What Are The Principles Of Weight Management?

Good health begins with good weight management; the better you control your weight, the healthier you become. So many factors contribute to attaining a healthy body weight; while some work, others don’t. The popular form of achieving weight loss known to many today is fasting and dieting.
Unfortunately, this method only works for some as their biological markup differs. A report showed that 77% of US residents are conscious of their meals. This means most of these dieters are much aware of this development. In other words, 45 million Americans are reported to start a dieting process each year.
However, only 20% of this set of people maintain weight loss on a long-term basis. In another research published on the Deals On Health online platform, 50% of people who lost weight often regained their former weight in two years. So, the question is, why are there so many inconsistencies in the weight management process? It is simply because most of them are either ignorant of the important principles of weight loss or are too reluctant to abide by them.
This article will state some of the known major principles that are obtainable in weight management.

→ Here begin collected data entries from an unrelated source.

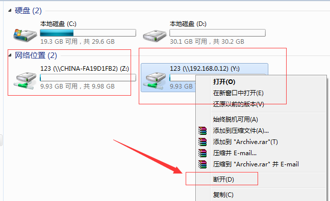- 第三步:打开"我的电脑"显示映射的网络驱动器,也可以点击"断开"来断开一个网络驱动器
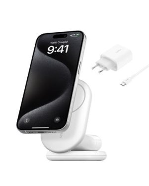 Tento mimořádně praktický skládací nabíjecí stojan poskytuje 15 W rychlého bezdrátového nabíjení pro váš iPhone a další zařízení podporující Qi2.
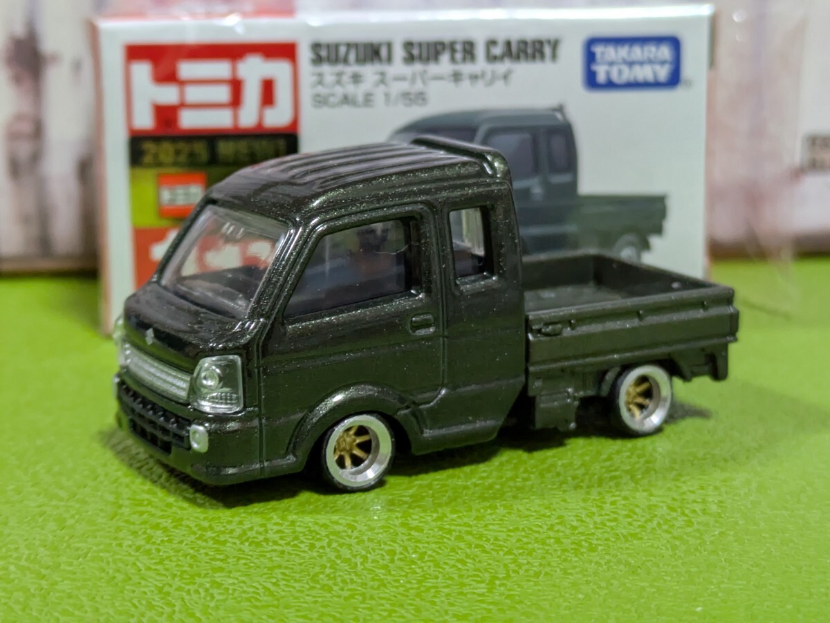 ★トミカ スズキ スーパーキャリイ改深リム、ローダウン他にも色々出品中! (検索用、トミカ、京商、グラチャン、深リム、ローダウン、トミカリミテッド、トミカプレミアム)現状渡し、タイヤは回転しません。未使用品のモデルを使用していますが改造の際、シャーシ、ボディ内側、等を削っていますのでジャンク扱いでお願いいたします。量産品のモデルを使用していますので、塗装ムラや浮き、デカールのズレ、キズ等がある場合があります、素人の趣味の範囲の作製ですので仕上げが荒い部分も有るかと思いますので神経質な方は入札をご遠慮下さい。迅速なお取引を心がけますが、当方、仕事の都合上、連絡が遅くなる場合があります。他にも出品していますのでよろしくお願いいたします。
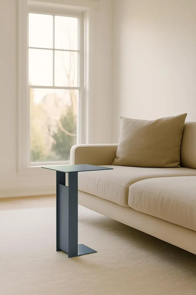 Span Side Table, Handmade Metal, Minimal And Modern Look In Blue
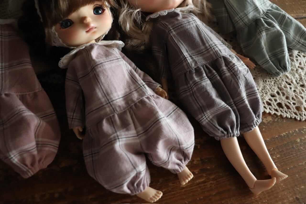 大きめチェック柄のオールインワン.
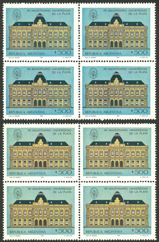2 blocks of 4 from VERY different printings, with backgrounds in different shades: greenish blue + yellowish light blue (Image)

But note that the ones we will be listening to in this piece are only some of what is, but are considered the most effective.

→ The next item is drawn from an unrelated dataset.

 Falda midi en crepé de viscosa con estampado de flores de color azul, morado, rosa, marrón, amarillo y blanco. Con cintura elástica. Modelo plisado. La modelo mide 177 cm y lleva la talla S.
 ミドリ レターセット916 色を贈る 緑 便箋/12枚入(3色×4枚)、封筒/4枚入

7 Known Principles of Weight Management
- Frequent Exercise
Research has shown that people who exercise often have a higher possibility of maintaining weight loss. This is unlike people who are not actively exercising. But because exercise can be a rigorous process for some people, considering their tight schedule, an exercise timetable is recommended.

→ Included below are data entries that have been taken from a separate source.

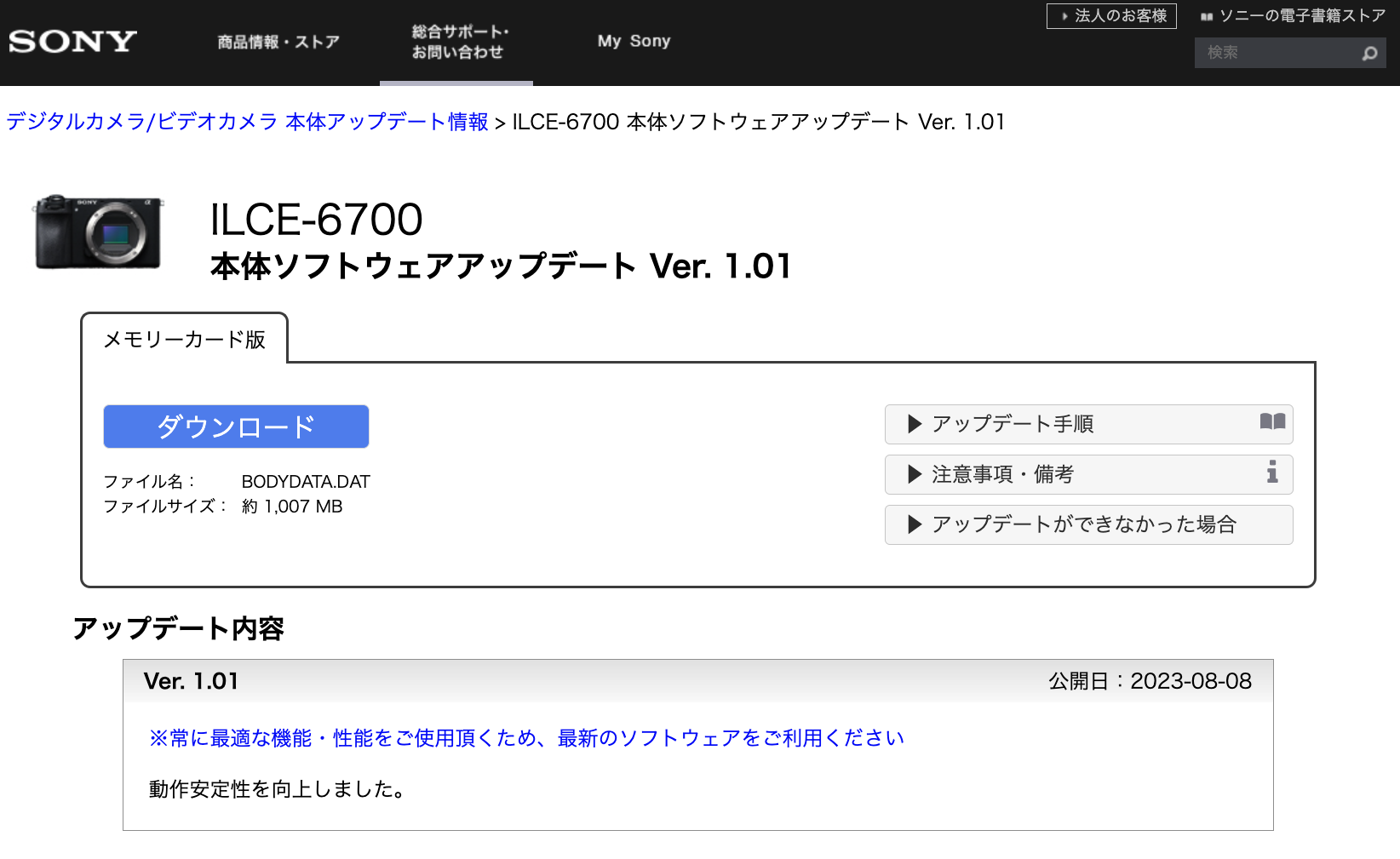・ILCE-6700本体ソフトウェアアップデート Ver. 1.01
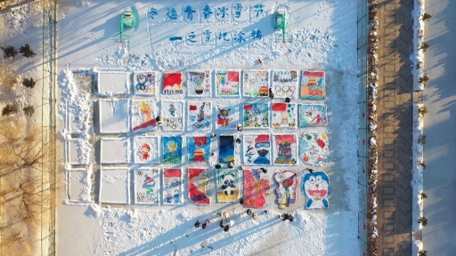 雪后的籃球場,變身為學(xué)生們的巨型畫板,大家在這里以“迎接建黨100周年”、“迎接北京2022冬奧會”為主題,在雪地上涂鴉,把雪后的校園裝扮得與眾不同。學(xué)生們發(fā)揮想象,用色彩描繪出更快、更高、更強(qiáng)的奧林匹克精神,以涂鴉展現(xiàn)著當(dāng)代中學(xué)生的青春風(fēng)采。
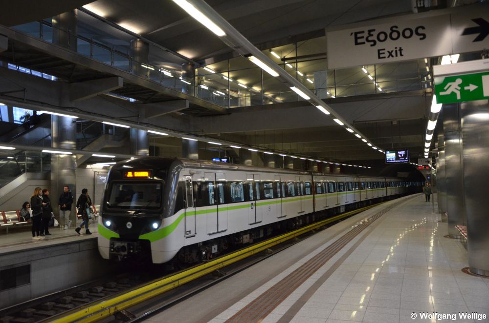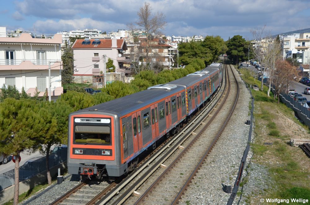 Alle 30 Minuten verkehrt eine Metro bis zum etwa 20 Kilometer von der Stadt enfernten Flughafen: Sie wechselt hierfür hinter der Station Doukissis Plakentias auf das Netz der griechischen Staatsbahn (OSE). Für diese Fahrten wurden sieben Zweisystem-Züge beschafft, die zusätzliche Dachstromabnehmer haben und mit 25 kV Wechselspannung betrieben werden können. Das Foto zeigt Zug 32 am 25.01.2016 kurz vor der auf dem Eisenbahnabschnitt gelegenen Station Peania-Kantza (Παιανία-Κάντζα).
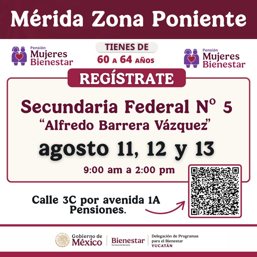 Mérida, Yucatán, 8 de agosto de 2025. — Ante la alta demanda de incorporaciones al programa Pensión Mujeres Bienestar, la Delegación Federal de Programas para el Bienestar en Yucatán anunció el cambio de sede para la zona poniente.
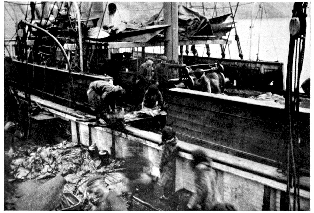 Of alcohol, and other artificial drinks, there is none. No excess of any kind—unless we can call “excess” the hearty eating which is necessary to the Eskimos’ existence. On the other hand, hunger is no particular hardship to these people. Their bodies are well-rounded, seemingly to answer the purpose of the camel’s hump.
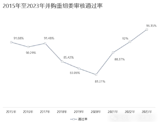 总体来说,近些年发股许可类的重组审核趋势是越来越严,虽然审核通过率在2020年触底后持续回升,2023年的审核通过率高达96.15%,但如我们在《2023年度A股上市公司重组市场回顾》一文中分析的,本身能经历长达一年的审核周期的交易,真到了上会一刻已是百炼成钢,大量交易其实是倒在上会审核前。
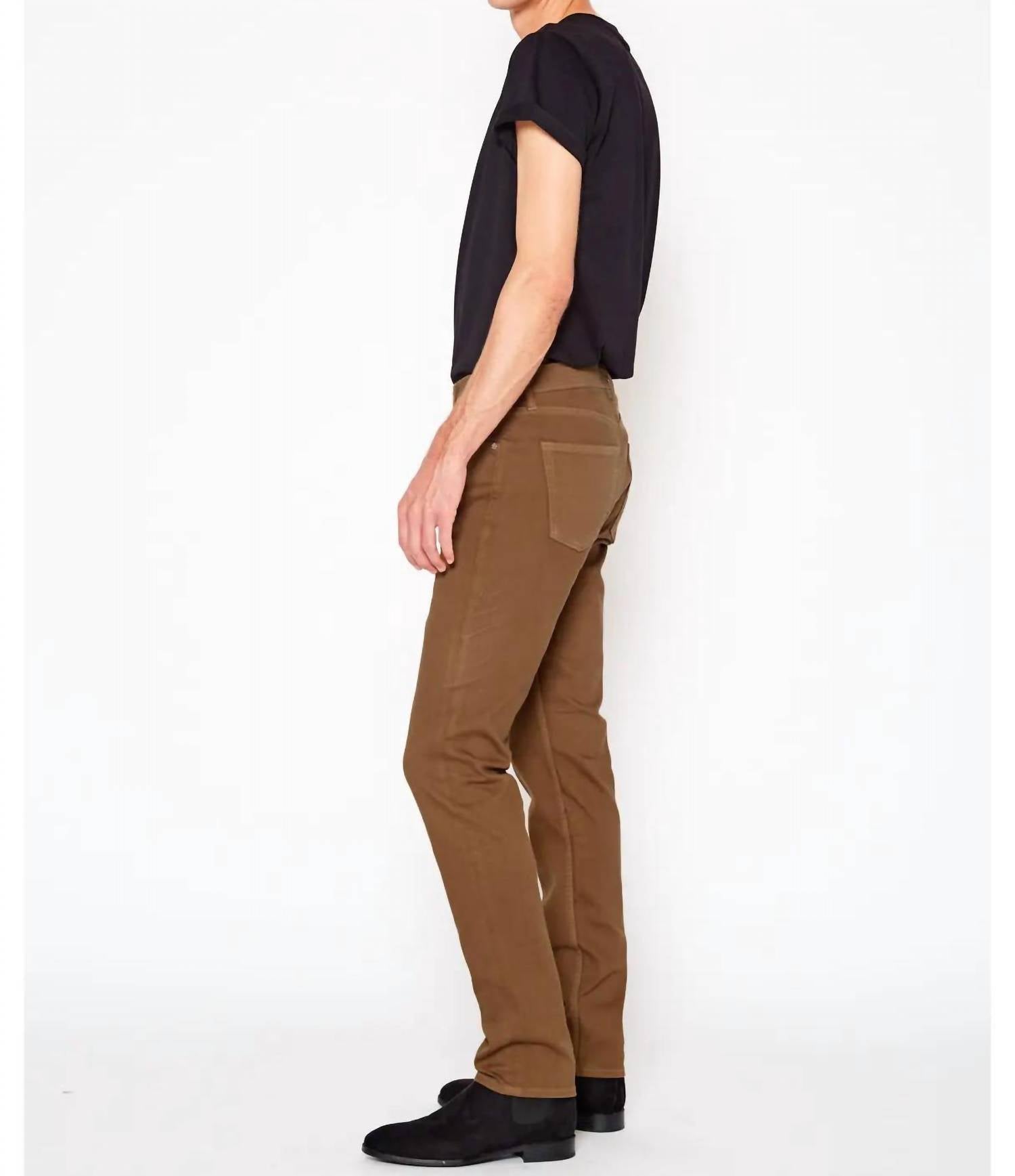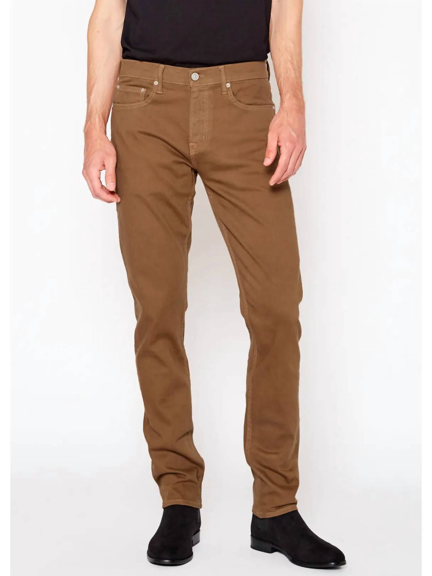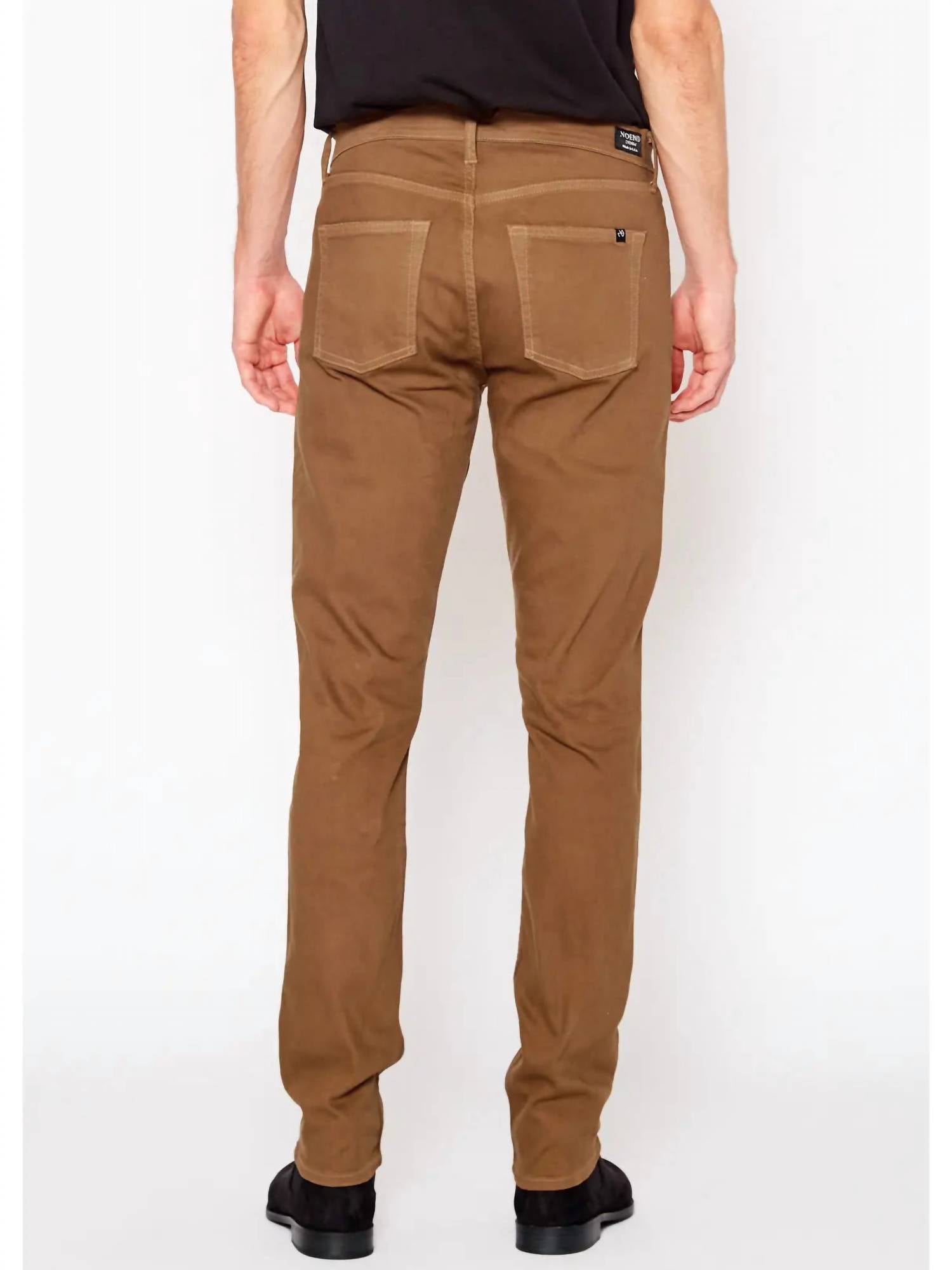 Introducing the Chad Brooklyn Stretch Slim Fit Jeans by NOEND, beautifully crafted for a minimalist, timeless look. Made in the US from a cotton blend, these jeans offer a perfect blend of comfort and style with a composition of 99% cotton and 1% spandex. They feature a mid-rise waist, slim fit through the hip and thigh, and a straight leg with a narrow 30" inseam, making them ideal for any holiday party. With a solid oak color and a convenient button closure, these jeans are a versatile addition to any wardrobe.

Professionally, an average person looking to maintain their weight is expected to engage in (at least) 300 minutes of exercise every week. With this, it is up to you to know how best to schedule your timing to achieve this benchmark.
- Healthy Daily Breakfast
Breakfast is the day’s most important meal, so make it worth it. Make sure it is well-balanced and contains all the essential nutrients. Again, avoid excessive consumption of manufactured/processed foods. We recommend you consider foods like coffee, eggs, Greek yogurt, Oatmeal, Chai Seed, etc. Although the availability of these foods depends on your geography, try to make them as homemade as possible.
- Always Hydrate
Drinking plenty of water makes you flush out toxic particles and excess sugar, mainly obtained through consuming junk foods. And while doing this, also avoid sweetened beverages like soda, small chops, etc., which can accumulate calories in your body hence, gain weight.
- Select your Food
This is where we say you must watch what you eat. You must focus on healthy meal patterns, avoid processed foods, and stick to foods rich in fibre, protein, and multiple vitamins. Avoid excess consumption of fat content, and as we have mentioned earlier, make sure you drink plenty of (clean) water.
- Plan your Meals
Not just plan your meals; plan them ahead of time. That way, you won’t fall for hunger-induced meals, which usually discourage weight loss. Planning your meals helps ensure you make a healthy choice of food. And for those working on losing some weight, including foods like vegetables, fruits, and grains can make you come up with a healthy meal.
- Watch Less TV
Sitting in a room and watching TV has been named one of the known ways of accumulating calories. Those seeking to maintain a healthy weight are recommended to spend only 10 hours watching television per week. Since you can’t deny yourself the privilege, it is recommended that you pick a few interesting programs of your choice – walk away when it ends. This might be difficult for some people, but it is a big plus to the whole weight loss process.
- Monitor your Performance
This is where you must hold yourself accountable. To do this, set out a day to measure your performance. We advise you to weigh yourself each week, but it is also ok if you make it a monthly routine. Nevertheless, 75% of people working on maintaining their weight weigh themselves weekly.
Finally, let’s also add that we’d advise you to record your progress in a situation where you find yourself returning to your old habits. Record all your food routines and the result of your exercise. Keep doing this until you get back to your previous body shape. And make sure you include more fibre-induced foods like berries, e.g., blackberry, raspberry, strawberry, and strawberry.